=== Begin Enclosure ===
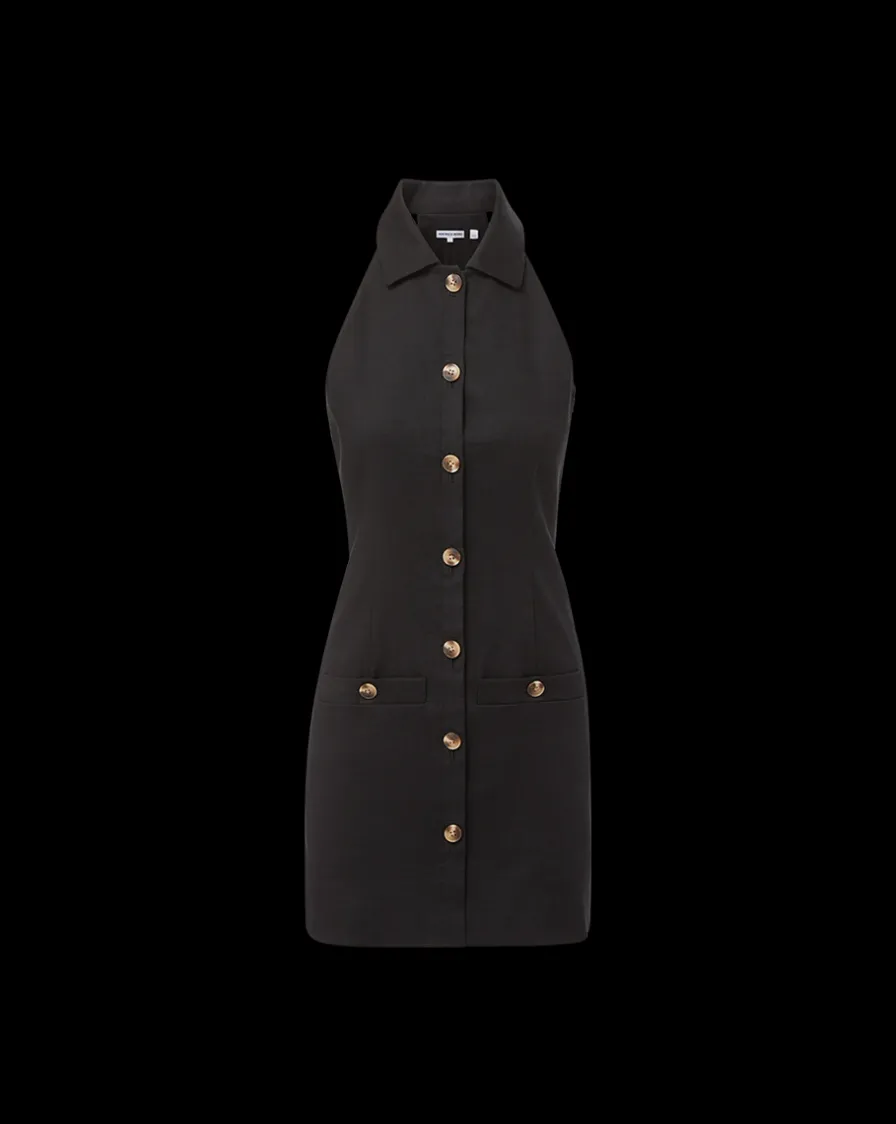 The borrowed-from-the-nineties silhouette is tailored for a close fit from a French-made linen blend and finished with tortoise buttons.
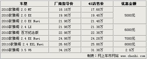 雅閣一直是中級車市場最受矚目的車型之一,棱角分明的外觀以及舒適的內飾空間以及豪華程度成為眾多商務人士最佳選擇。廣州本田在推出2010款車型后,使雅閣整車的性價比進一步提升。據網上車市價格監測系統顯示:目前雅閣的優惠幅度有所降低,最高優惠2.9萬元。具體車型行情如下:
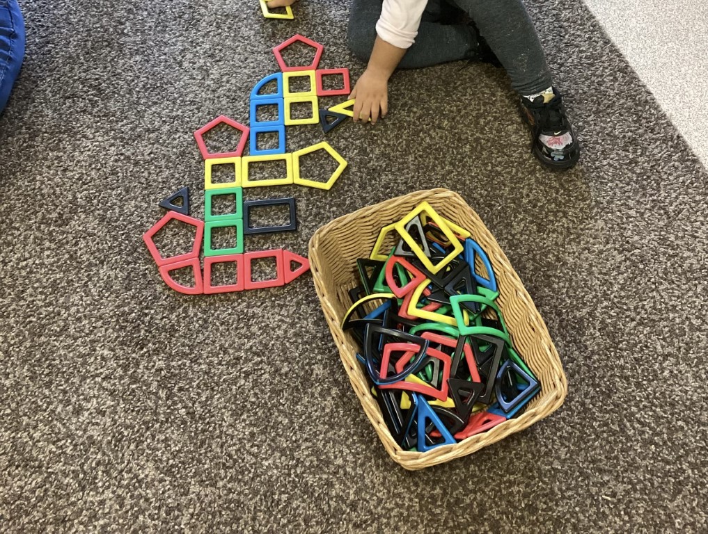 The children have been exploring shapes and how they fit together, with many showing particular interest in connecting magnetic shapes. This mathematical exploration supports their understanding of spatial relationships and problem-solving skills.
=== End Enclosure ===
Exercise instructions> Every line of the listing should be copied precisely, with images omitted.

Written response>
 The borrowed-from-the-nineties silhouette is tailored for a close fit from a French-made linen blend and finished with tortoise buttons.
 雅閣一直是中級車市場最受矚目的車型之一,棱角分明的外觀以及舒適的內飾空間以及豪華程度成為眾多商務人士最佳選擇。廣州本田在推出2010款車型后,使雅閣整車的性價比進一步提升。據網上車市價格監測系統顯示:目前雅閣的優惠幅度有所降低,最高優惠2.9萬元。具體車型行情如下:
 The children have been exploring shapes and how they fit together, with many showing particular interest in connecting magnetic shapes. This mathematical exploration supports their understanding of spatial relationships and problem-solving skills.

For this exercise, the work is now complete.